Tollemache came, chuckling. "Sorry you missed the skipper's homily, Ingersoll," he said. "I laughed like a hyena. I hope the people in the cabin couldn't overhear me. By Jove! to tell you the truth, I didn't even remember that there was a dead man aboard."

"The best tragedies indulge in a what is called 'comic relief'," said Ingersoll dryly. "Give Yvonne a hail, will you? I want a word with her."

Tollemache stooped to the hatch. "Yvonne!" he said.

"Yes," came the girl's voice.

Her father, intent on its slightest cadence, deemed it placid and self-possessed.

"Socrates wants you."

Socrates was a title conferred on Ingersoll by his artist friends owing to his philosophic habit of mind. Nothing disturbed him, they vowed. Once, when the queer little steam tram that jingles into and out of Pont Aven four times daily was derailed, some alarm was created by the fact that Ingersoll, though known to be a passenger, was missing. When found he was perched on the side of the overturned carriage in which he had been seated. On climbing out through a window he discovered that from this precise locality and elevation he obtained a capital view of a wayside chapel; so he sketched it without delay. The chance, no less than the point of view, might not offer again!

Yvonne appeared, her head and shoulders dimly visible in the frame of the hatch. "What is it, Dad?" she inquired.

"We're in the river now, Dearest, and I thought you might join us on deck. You have done all that is possible, I'm sure."

"I simply cannot desert that poor woman until she shows some signs of returning consciousness."

"Oh, is she still insensible?"

"Yes. If only I could get her to swallow a little brandy."

"Well, she will be in the doctor's hands soon. Better leave matters to him."

"But one must try."

"Of course. If you prefer remaining below——"

"Father dear, what else can I do?" She vanished again.


Ingersoll, having ascertained exactly what he wished to know, sighed in sheer relief, and turned to Tollemache. "Lorry," he said, "have you a dry cigar in your pocket?
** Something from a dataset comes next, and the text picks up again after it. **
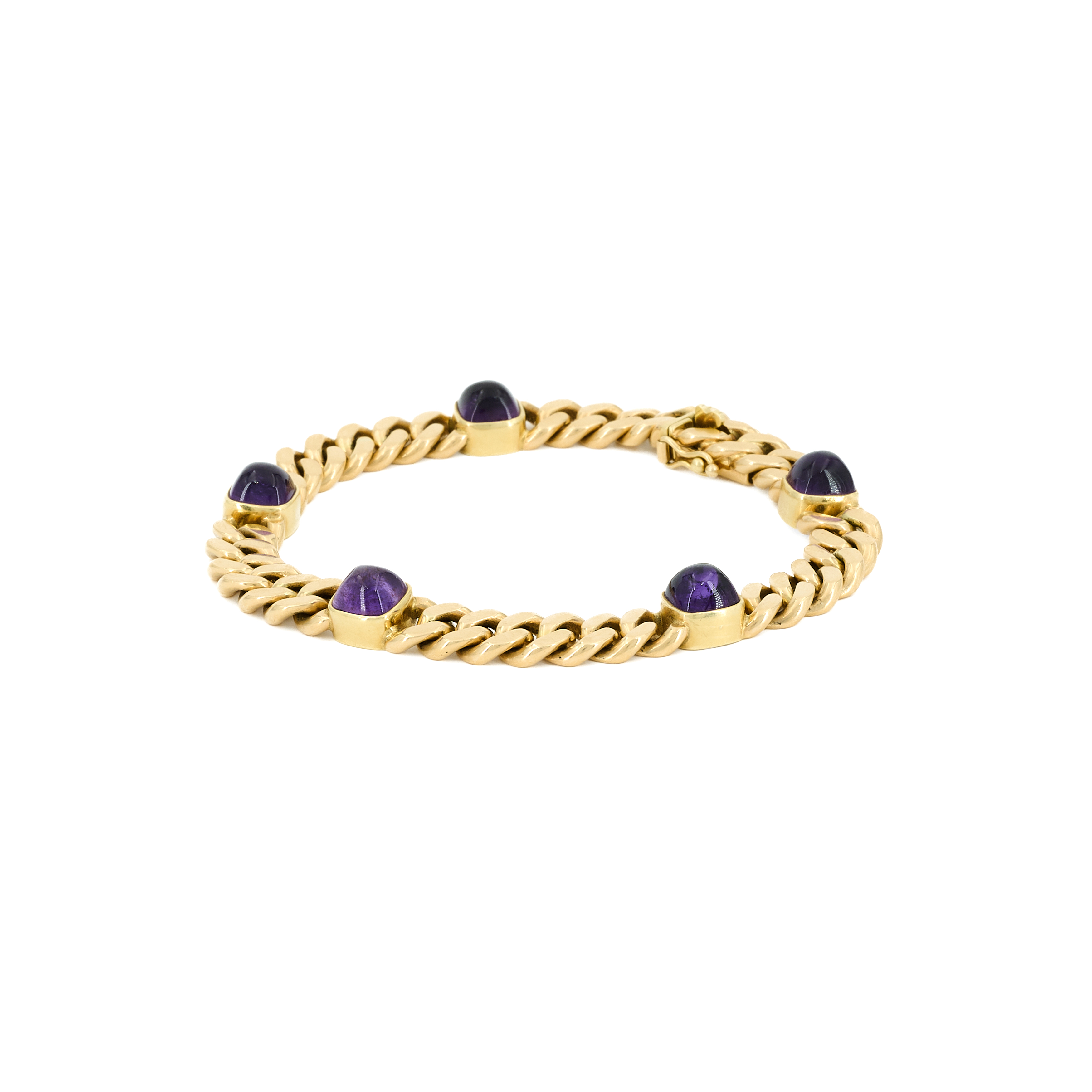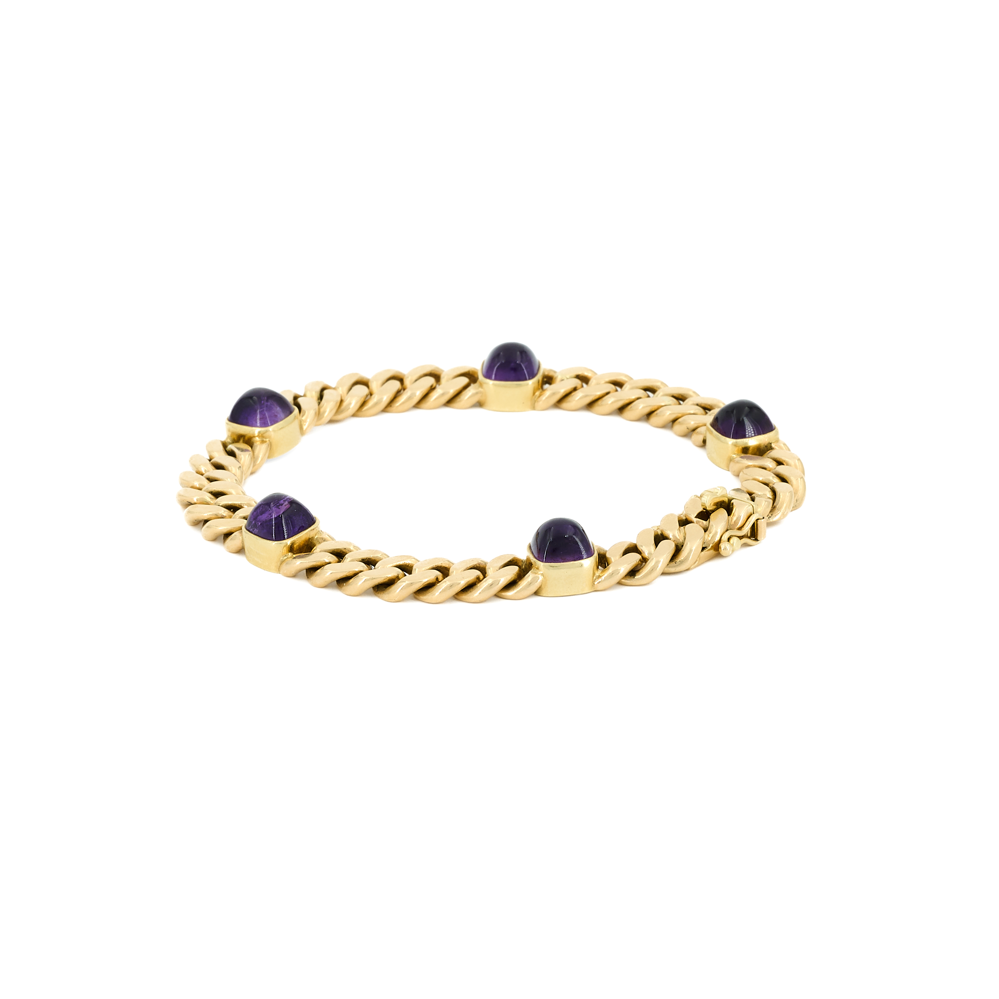 Beschreibung: Klassisches Amethyst-Panzerarmband, besetzt mit Amethyst-Cabochons.

How stupid of me! You're soaked through and through. I hope none of us picks up a stiff dose of pneumonia as the sequel to today's excitement. Now a quiet word in your ear. Yvonne and I are going away tomorrow for a week or so."

"Going away—from Pont Aven?"

Tollemache's voice executed a crescendo of dismay; but Ingersoll only laughed, and, for the first time since that disastrous reef was left behind, his manner reverted to its normal air of good-humored cynicism.

"Why select two words from a sentence and invest them with a significance they don't possess? I put in a saving clause. A week, or even two, can hardly be twisted into a lifetime."

"Does Yvonne know?"

"No. I have decided on the journey only within the last ten minutes. We're taking a little trip to Paris solely to avoid the gush and sentiment that will flow in Pont Aven during the next few days like a river in flood. Moreover, Lorry, if you're wise, you'll come with us."

Tollemache little realized how truly spontaneous was his friend's invitation. "D'ye mean that, Ingersoll?" he said elatedly.

"Why not? Don't let any question of expense stop you. This outing will be my Christmas treat."

"Expense! Dash it all! I've money to burn. Er—that is—enough, at any rate, to afford a jaunt to Paris. When do we start?"

"Soon after seven o'clock."

"By jing! Sharp work."

"If we really intend to escape, why stand on the order of our going?"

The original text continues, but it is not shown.